(Beginning of ENTRIES PROVIDED)
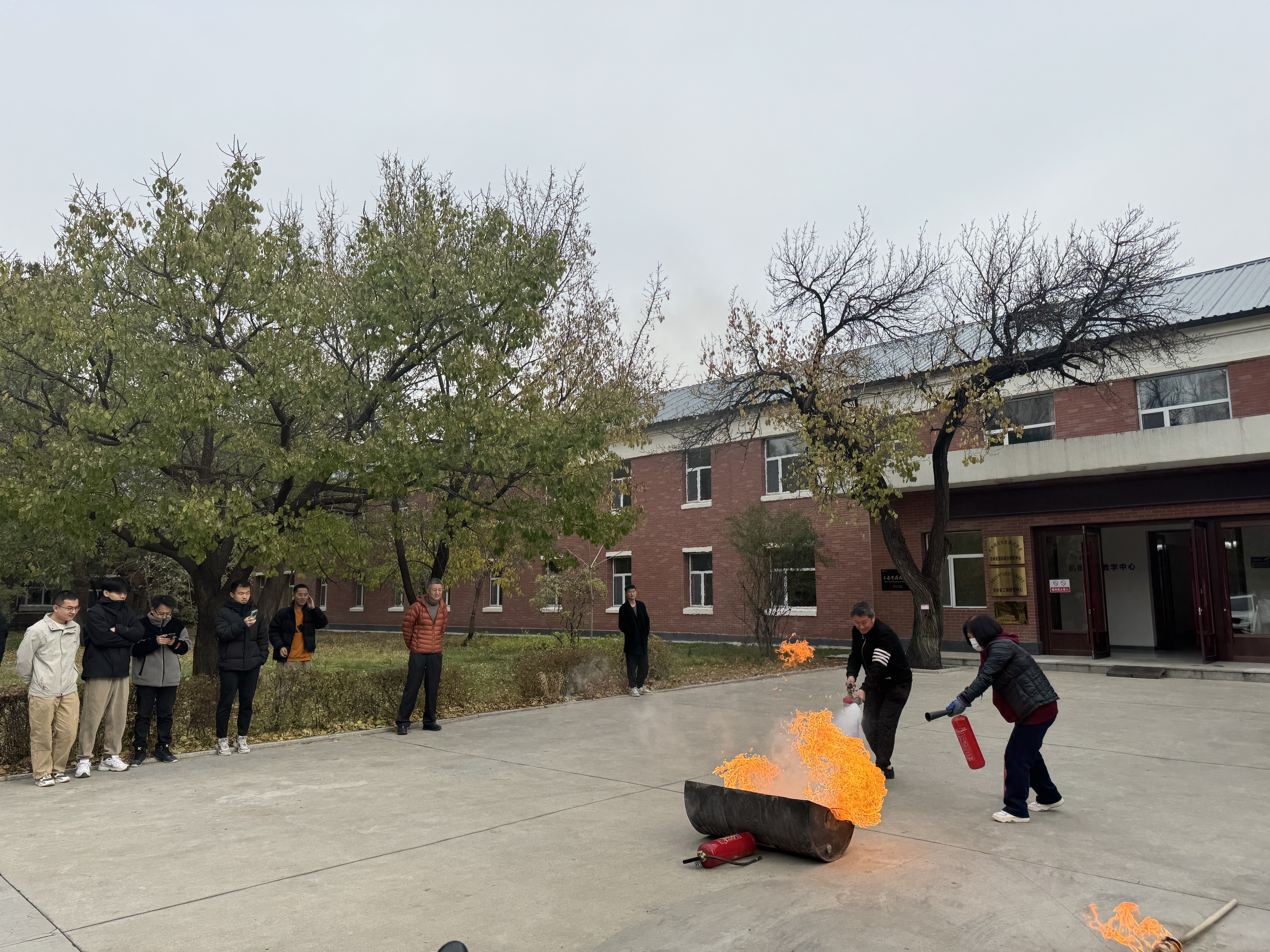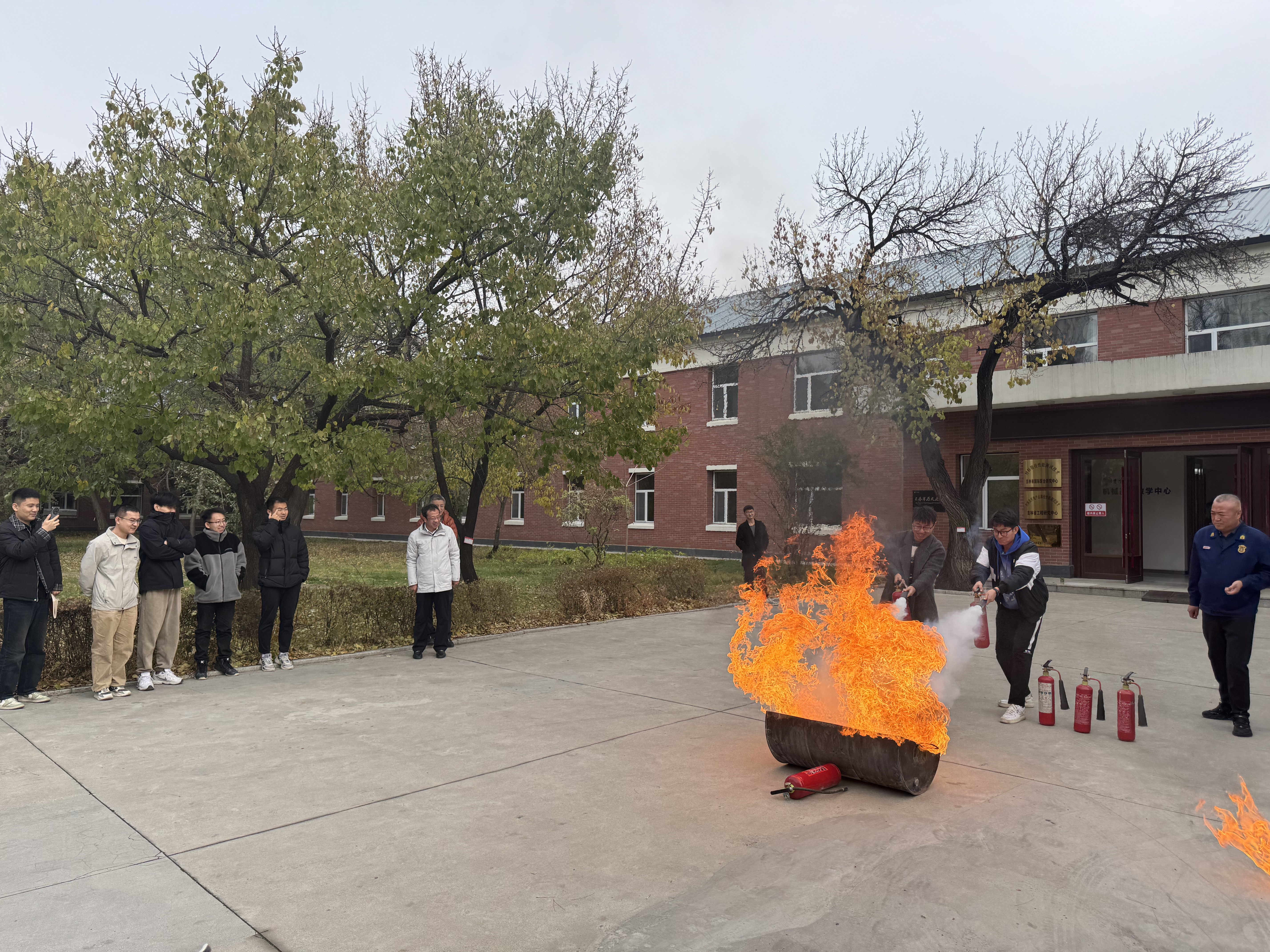 消防疏散演练在东区保卫办刘海江老师的指导下有序进行。在室外,王中刚讲解了二氧化碳灭火器的使用方法,并进行了现场演示。现场师生代表兴趣盎然地参与了灭火实操。演练过程中,王中刚还针对同学们距离火源过近、未指向火焰根部等问题进行了指导。
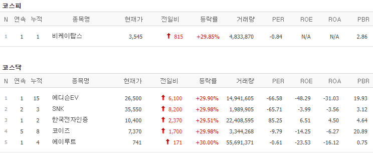 코스피에서는 비케이탑스가 상한가를 기록했고, 코스닥에서는 에디슨EV, SNK, 한국전자인증, 코이즈, 에이루트가 상한가를 기록했습니다.
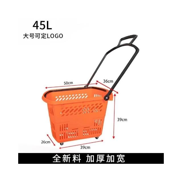 加厚帶拉桿帶輪洗衣店收納籃 超市購物籃 商場購物筐 拉桿帶輪子洗衣籃 手提塑料框家用大便利店買菜籃
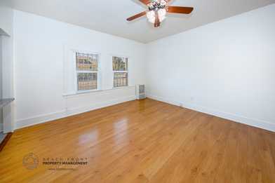 These centrally located apartments feature large windows, wood-style flooring, ceiling fans, and spacious closets with mirrored sliding doors. Kitchens include a gas stove, refrigerator, and ample cabinet space. Bathrooms offer tiled shower walls and modern fixtures.
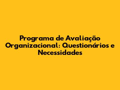 Programa De Avaliação Organizacional: Questionários E Necessidades
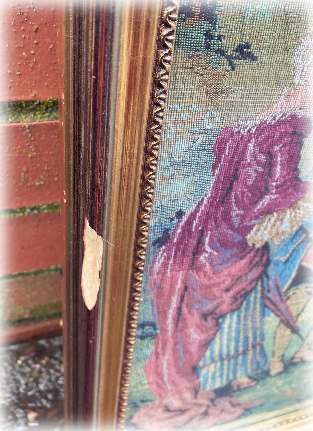 The tapestry is well-preserved, while the frame’s vintage wear only adds to its authentic charm.
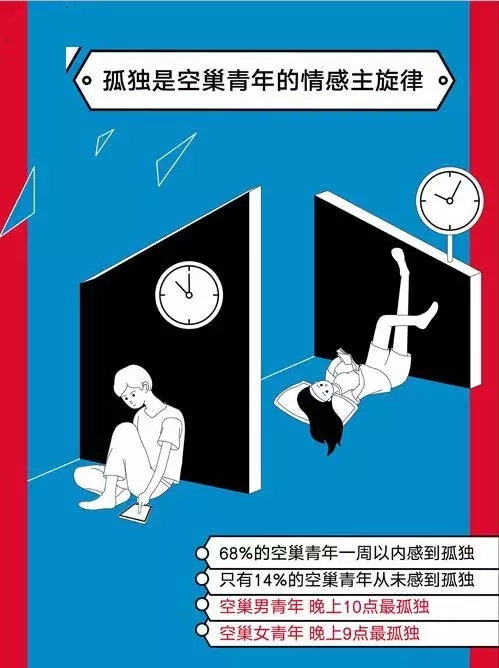 (图为调研发现孤独是空巢青年生活主旋律,68%的空巢青年一周以内感到孤独。图片来源:网易新闻)
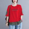 Tops Women Cotton Summer Large Size Fake Two Pieces T-shirt Polo Neck Loose Printed Casual Pullover T-shirt Top
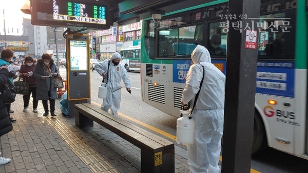 [평택시민신문] 평택시재향군인회는 16일 시민이 자주 이용하는 평택역, 평택 터미널, 버스승강장, 상가 등에서 집중 방역을 전개했다.
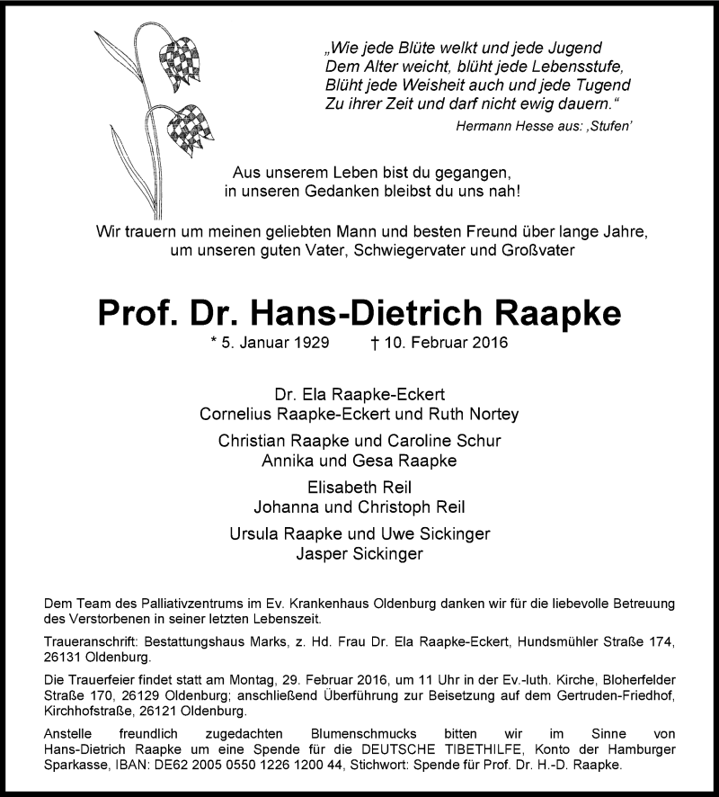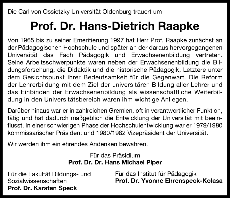 Hier finden Sie alle Traueranzeigen aus der Zeitung, die bisher für Hans-Dietrich Raapke erschienen sind. Weitere Traueranzeigen, die in der Zeitung erscheinen, werden hier ebenfalls aufgelistet
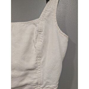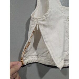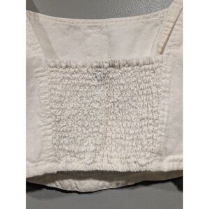 PILCRO Anthropologie Cream Corset Style Cotton/Linen Crop Top Smocked Back Sz S. Please note there is a slight yellowing spot on the side by the zipper, see attached pictures. All measurements are approximate.
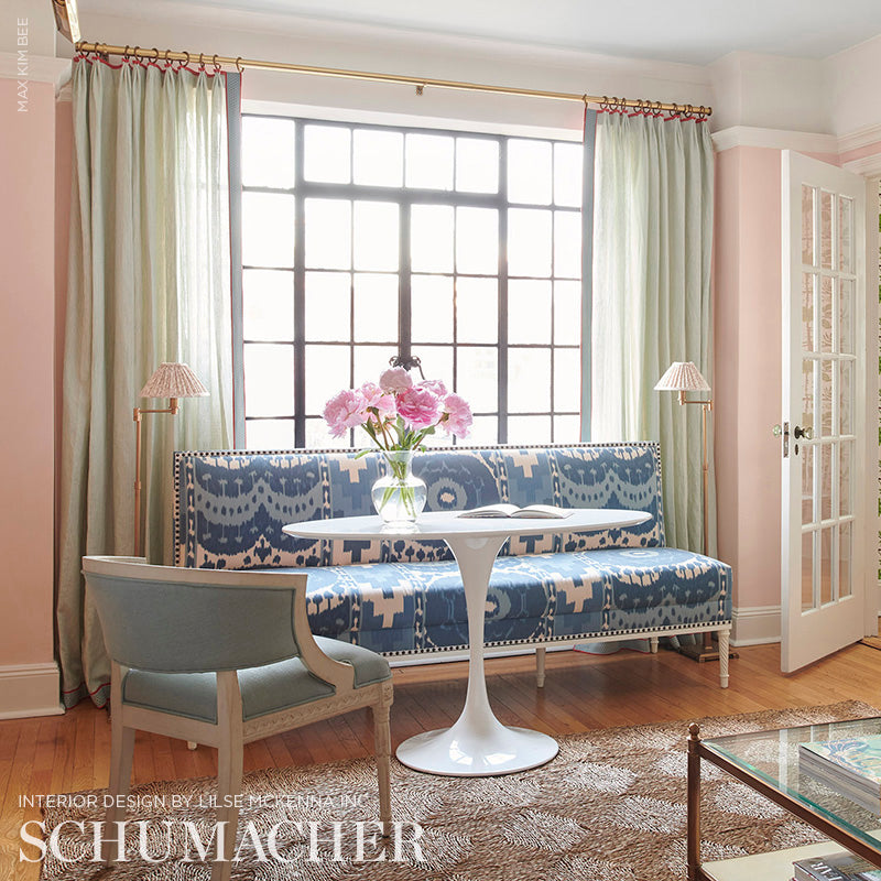 A true warp print produced with traditional ikat methods, Samarkand Ikat II is a signature Schumacher design that is beloved for its bold scale and pattern. -
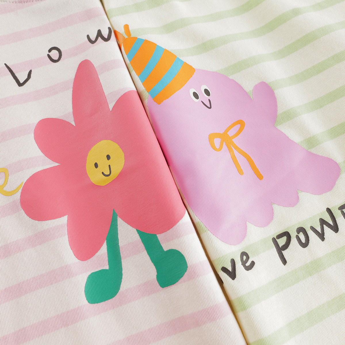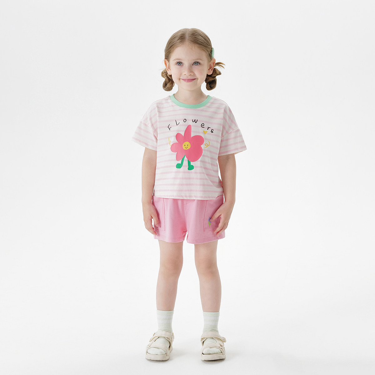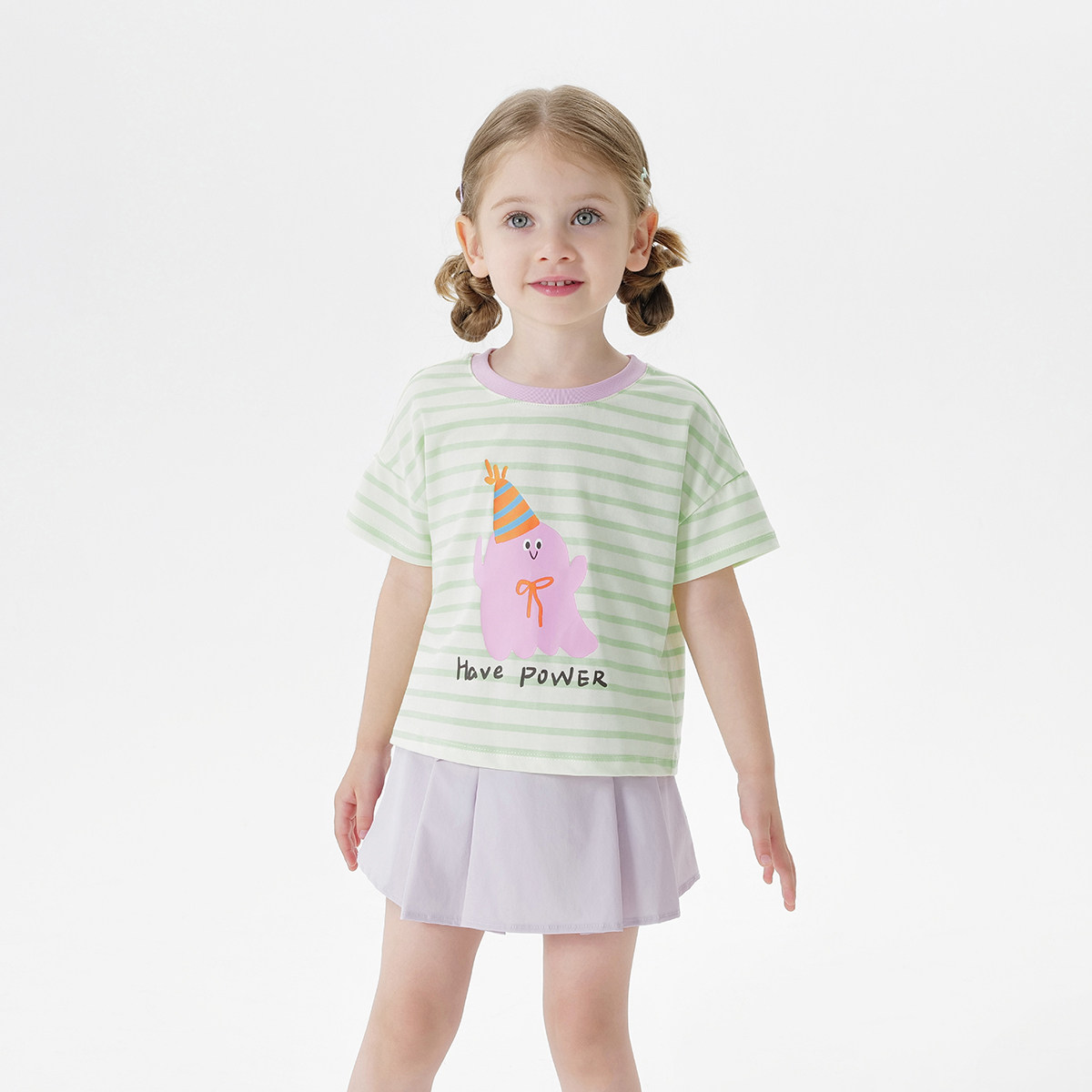 【凉感透气】马克珍妮女童卡通条纹短袖T恤 宝宝夏装新款550769
(End of ENTRIES PROVIDED)
If a line falls between the one containing "[평택시민신문] 평택시재향군인회는 16일" and the last line of the records above, inclusive, restate it exactly; leave out the pictures and everything else.

 [평택시민신문] 평택시재향군인회는 16일 시민이 자주 이용하는 평택역, 평택 터미널, 버스승강장, 상가 등에서 집중 방역을 전개했다.
 Hier finden Sie alle Traueranzeigen aus der Zeitung, die bisher für Hans-Dietrich Raapke erschienen sind. Weitere Traueranzeigen, die in der Zeitung erscheinen, werden hier ebenfalls aufgelistet
 PILCRO Anthropologie Cream Corset Style Cotton/Linen Crop Top Smocked Back Sz S. Please note there is a slight yellowing spot on the side by the zipper, see attached pictures. All measurements are approximate.
 A true warp print produced with traditional ikat methods, Samarkand Ikat II is a signature Schumacher design that is beloved for its bold scale and pattern. -
 【凉感透气】马克珍妮女童卡通条纹短袖T恤 宝宝夏装新款550769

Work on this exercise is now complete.